Tuesday, 16 February 2010

Tories need a maths lesson

So the Conservatives are in trouble after getting their sums wrong!

Amazingly, in a report about inequality in Britain they made the startling claim that in the most deprived areas 54% of girls were likely to get pregnant before they turned 18. That's right - 54%.

Now it turns out that the figure is actually 5.4 and the decimal point was omitted.

And sure, it is easy to make proof-reading errors like that.

But seriously, what does this say about a party in which when their policy people and editorial people were putting the document to bed no one thought that the figure was so high it needed to be checked?

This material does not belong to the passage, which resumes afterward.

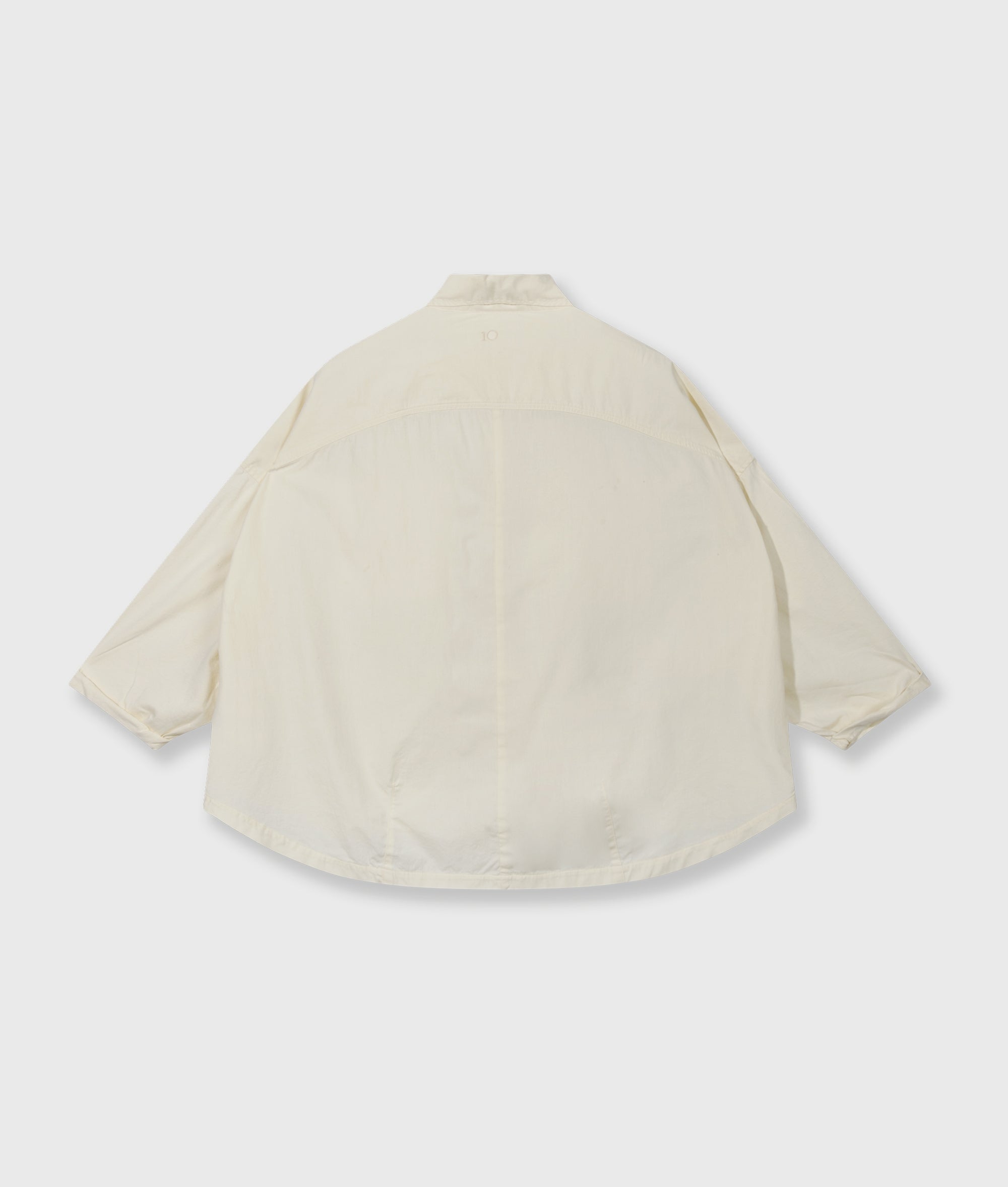 Oversized fit blouse met katoenen poplin body en katoenen jersey mouwen, gemaakt van GOTS-gecertificeerd biologisch katoen. Voorzien van een klassieke kraag, knoopsluiting, een ronde zoom die achter langer is dan voor, borstzakken, raw-edge opgerolde mouwen en een ‘10’ monogram borduring op de rug.
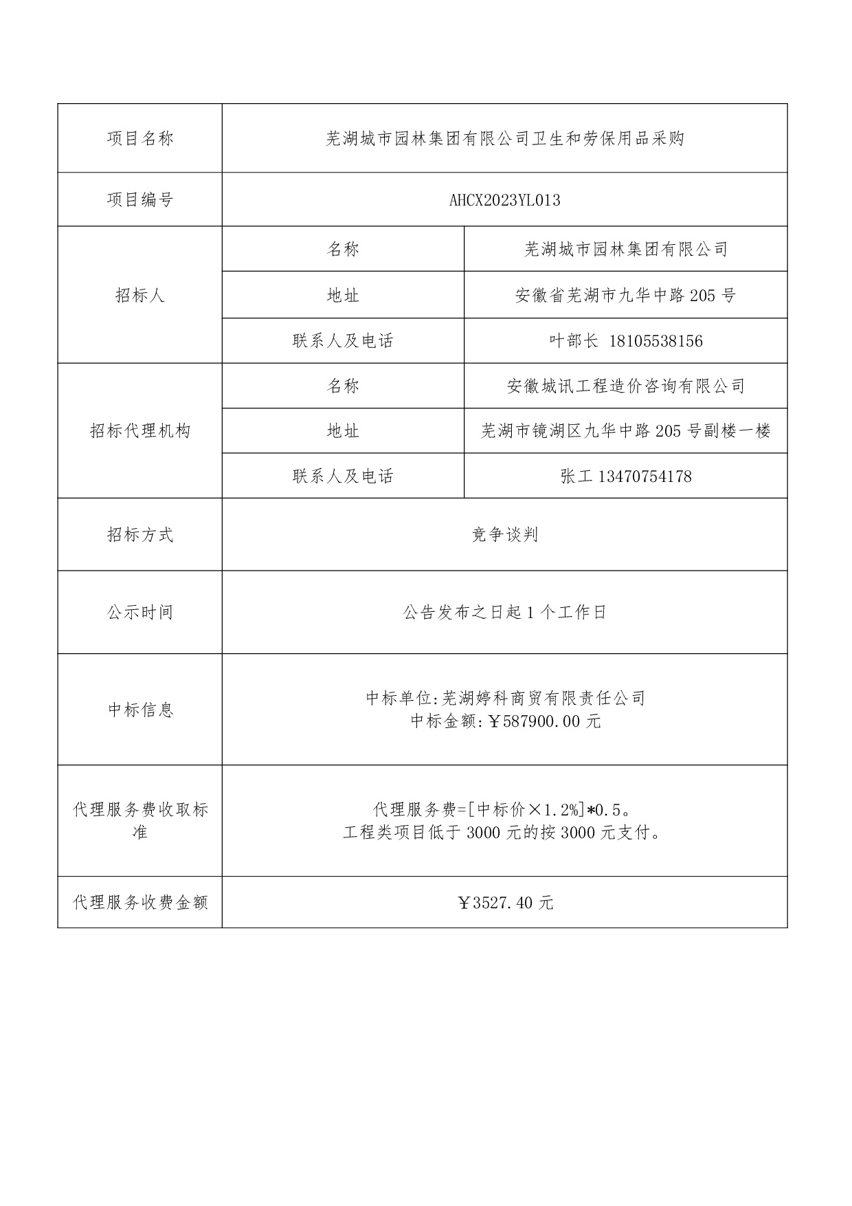 蕪湖城市園林集團(tuán)有限公司衛(wèi)生和勞保用品采購中標(biāo)結(jié)果公示

Put it this way. If this were true, in any deprived area when you come across two girls of 18, one of them would have to be pregnant or pushing a pram. And we all know(or rather those of us that venture beyond Notting Hill know) that that isn't the case.

Last year the Tories rather tactlessly tried to compare Speke in South Liverpool with what goes on on The Wire. Speke, they said, was an example of Broken Britain.
Now apart from being hugely insulting to people in Speke, this is simply yet another example of how the Tories don't get it. Given that they think pregnancy rates among teenagers are 54 percent in most deprived wards they must believe this to be the case in Speke. And yet anyone who has been in the ward for five minutes would realise this isn't so.

The problem here is that the Tories have no problem with demonising large sections of the population. And if you actually want to help people you don't start off by painting them in such an unflattering light.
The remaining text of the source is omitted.